Defense Department Seeks Comments on Supply Chain Risks for Critical Materials

WASHINGTON – The Defense Department is seeking comments on risks to the supply chain for strategic and critical materials.
In February, President Joe Biden signed an executive order directing the Defense Department and three other federal agencies to closely examine America’s supply chains in four critical industries.
Insights gathered through the request for comment, published in the Federal Register on Tuesday, will be used to update an ongoing inquiry into the imports of “critical materials” initiated by former President Donald Trump in the last weeks of his presidency.

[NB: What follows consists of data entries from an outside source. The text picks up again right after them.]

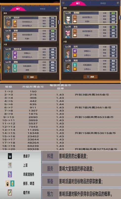 升级员工,在5级、10级、15级和20级都会给新菜谱,但不是所有员工都会提供新菜谱哦,这边还是那句话,留在黄金和铂金刷钱静待正式版即可,现阶段升钻石纯纯坐牢,经测试,不卖单价270金币一份的料理基本在钻石赚不到多少金币,当然,肝帝除外,但还是说:硬肝伤身伤神,正常游玩体验最好。
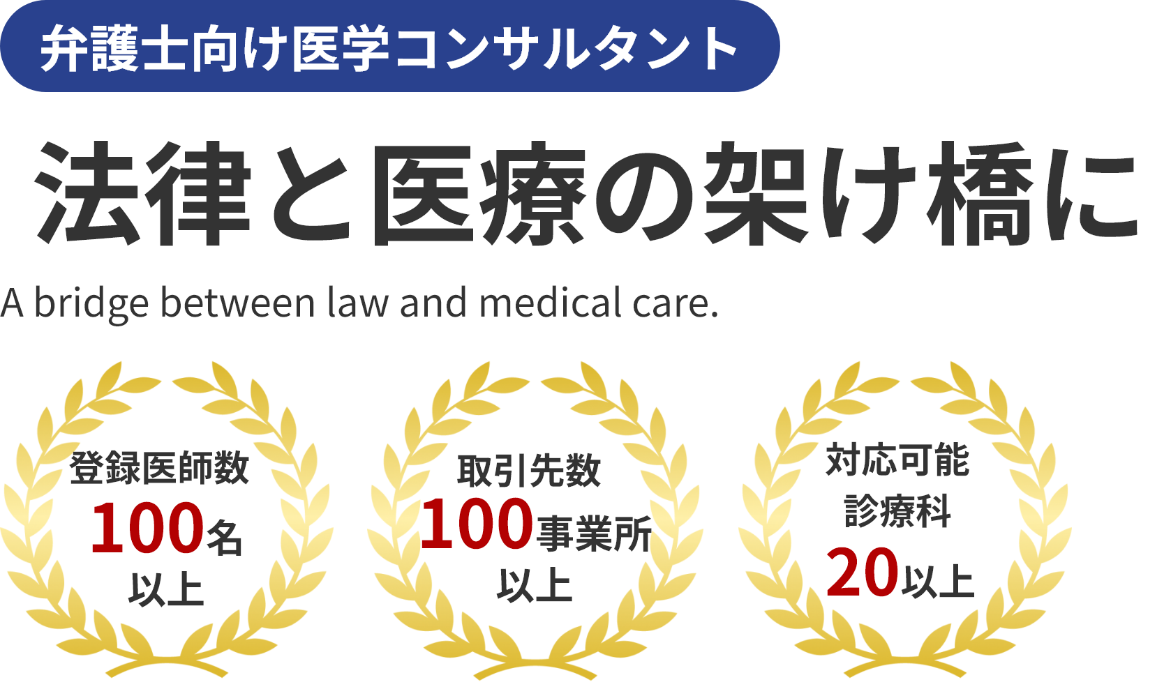 弊社は、そんな医療業界の常識を打ち破り、正しい医療情報を法律の専門家の方々に提供させていただくことで、法律と医療の橋渡しを行う企業となりたいと考えております。法律を駆使し、様々な社会問題を解決している皆様の身近な医療コンサルトとして社会に貢献します。
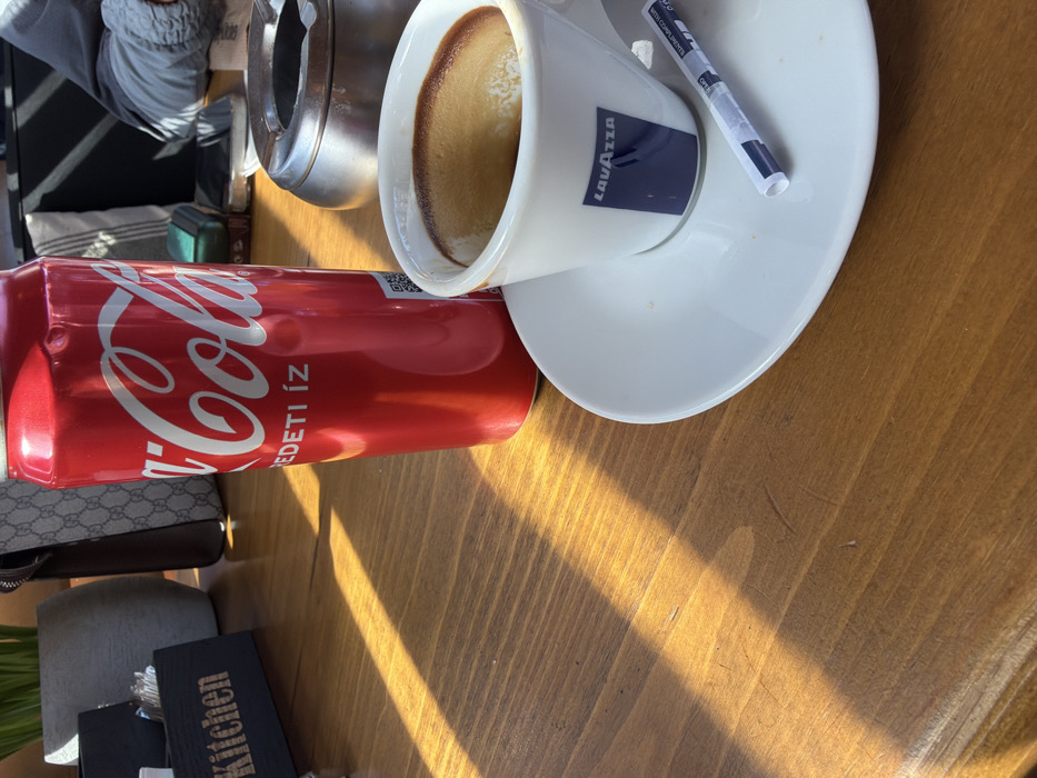 The scene depicts a tabletop view within a cafe or restaurant in Pleven, Bulgaria. A red Coca-Cola can, bearing "ERDETI ÍZ" (Original Taste in Hungarian) text, stands prominently near the center, slightly left. To its right, a white Lavazza espresso cup, containing a dark beverage with a light brown crema, rests on a matching white saucer. A small, rolled white paper packet, likely sugar, lies on the saucer. Behind the cup, a circular stainless steel ashtray is visible. The foreground is a light brown wooden table, streaked with distinct parallel bands of direct sunlight. In the blurred background on the left, a dark rectangular sign with "Kitchen" in light lettering is present, positioned in front of a grey planter containing green leafy plants. Further back, a tan and brown patterned bag, possibly a handbag, is visible on a surface. On the right side of the background, a person's left arm, clad in a grey long-sleeved garment, is partially visible, with other indistinct objects including what appears to be a mobile phone and another small accessory on the table surface. Strong natural light illuminates the scene, casting defined shadows.

The Interior Department has identified 35 minerals belonging to this group of materials.
They are: Aluminum (bauxite), antimony, arsenic, barite, beryllium, bismuth, cesium, chromium, cobalt, fluorspar, gallium, germanium, graphite (natural), hafnium, helium, indium, lithium, magnesium, manganese, niobium, platinum group metals, potash, the rare earth elements group, rhenium, rubidium, scandium, strontium, tantalum, tellurium, tin, titanium, tungsten, uranium, vanadium, and zirconium.
Like President Biden’s order, the Defense Department’s request for comments signals a potentially broader approach to supply chains than the approach taken by President Trump.

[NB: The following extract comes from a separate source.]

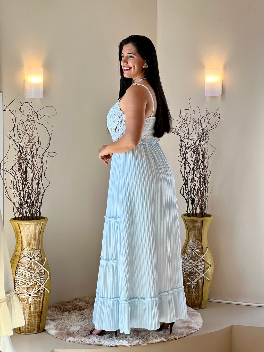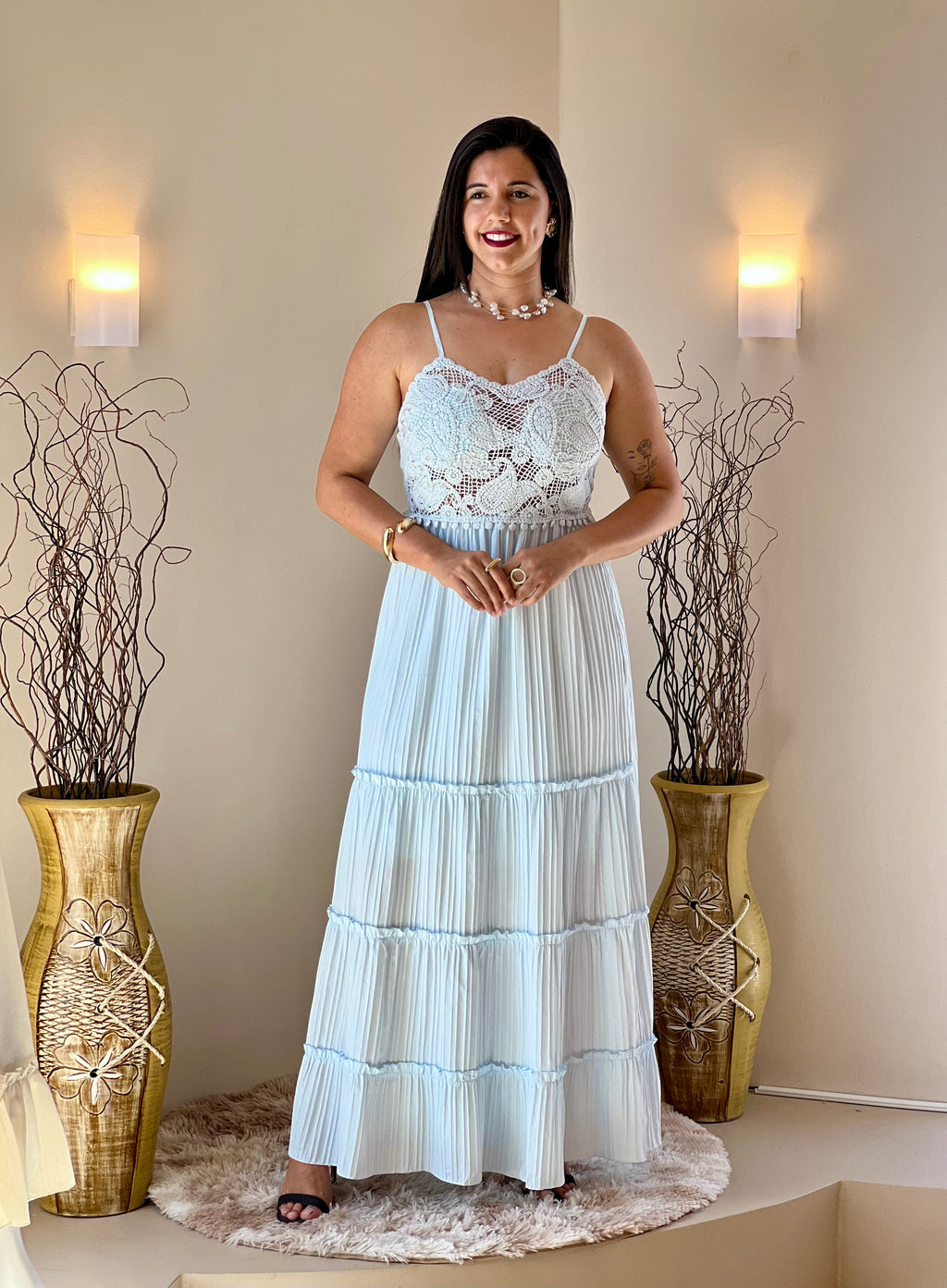 O destaque deste vestido está no seu busto, todo bordado com delicados detalhes que trazem um toque de feminilidade. Além disso, ele possui bojo, garantindo um caimento perfeito e valorizando ainda mais o seu corpo.
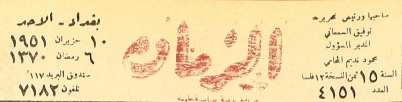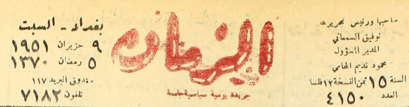صاحبها ومدير تحريرها : توفيق السمعاني.

For instance, the Defense Department is specifically requesting comments and information related to “diversifying sources of supply for strategic and critical materials, including domestic sources and foreign allies/partners.”
And in the end it asks anyone involved in defense-related supply chains to submit their views on how to “reimagine” a more secure and sustainable critical materials supply chain.
The deadline to file comments is Wednesday, April 28, 2021.